# [The problem]
Everything in the data below except the pictures must be repeated word for word.

Data excerpt below:

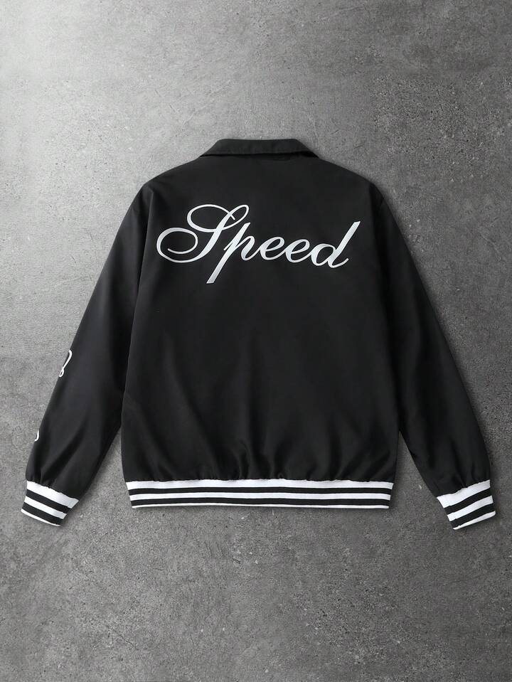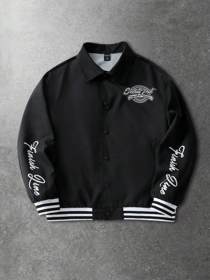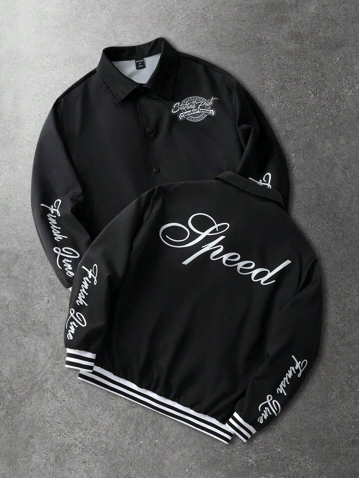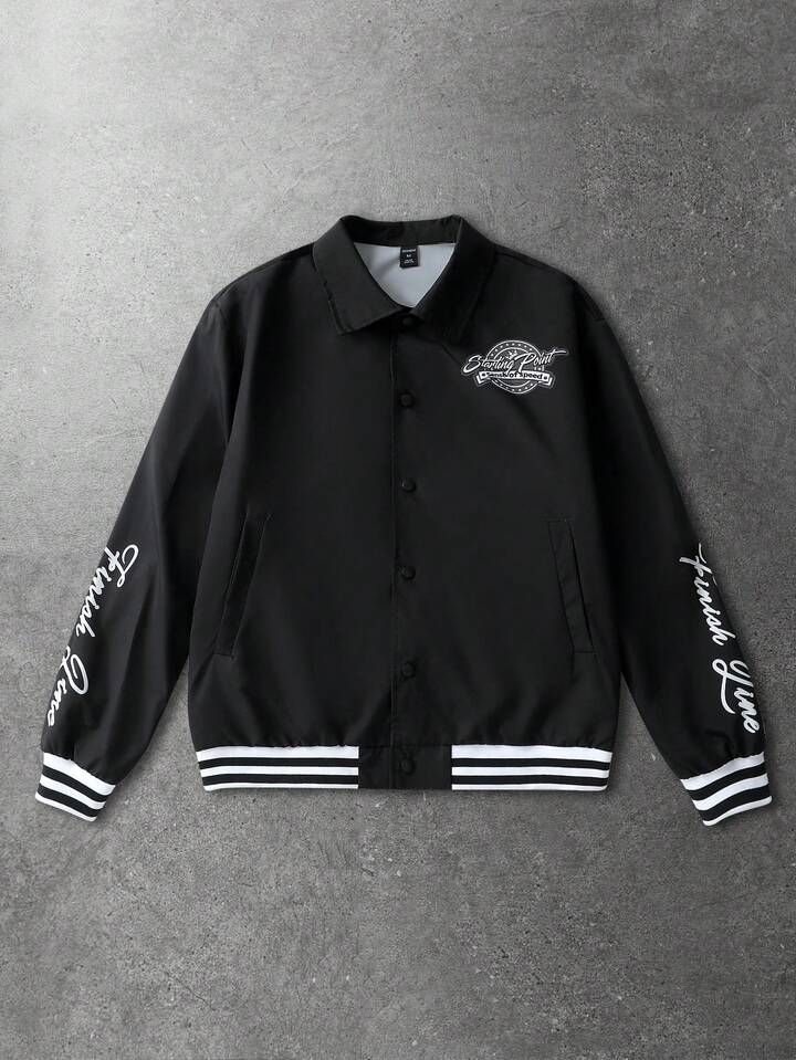 Prep Giacca casual da uomo con stampa a lettere, autunnale
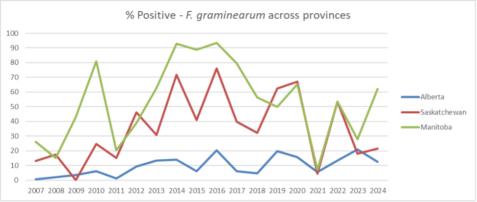 While Alberta’s % of positive samples decreased since last year, Manitoba and Saskatchewan have seen increases (Figure 2). Manitoba has had 62% of samples test positive for F. graminearum. Saskatchewan remains at a relatively low level, at 22%, compared to the average over the last decade which is 44%.
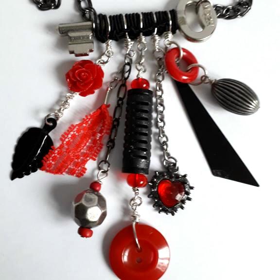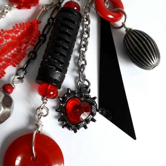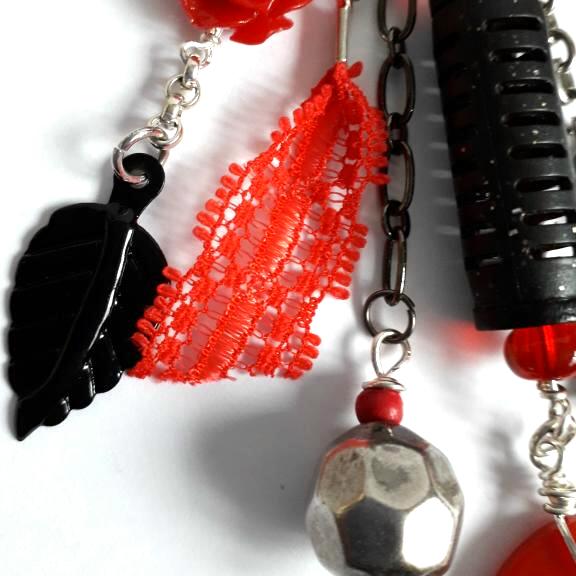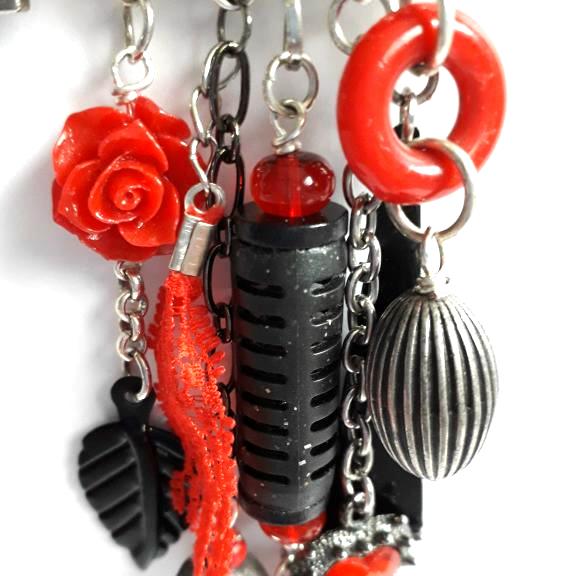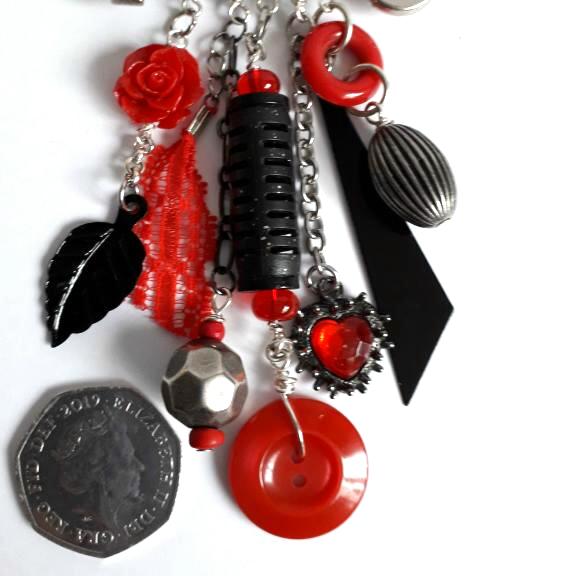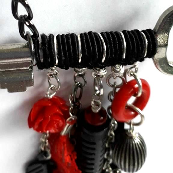 I have used metal, glass and wooden beads, pieces taken from broken jewellery and other items inc a black rubber pen top, red plastic ring and a piece of red lace, to make up the 5 dangles, the key has been wrapped with black cord, the longest dangle is 11cm/4.5" long.

End of Data excerpt.

# [Problem solution]
 Prep Giacca casual da uomo con stampa a lettere, autunnale
 While Alberta’s % of positive samples decreased since last year, Manitoba and Saskatchewan have seen increases (Figure 2). Manitoba has had 62% of samples test positive for F. graminearum. Saskatchewan remains at a relatively low level, at 22%, compared to the average over the last decade which is 44%.
 I have used metal, glass and wooden beads, pieces taken from broken jewellery and other items inc a black rubber pen top, red plastic ring and a piece of red lace, to make up the 5 dangles, the key has been wrapped with black cord, the longest dangle is 11cm/4.5" long.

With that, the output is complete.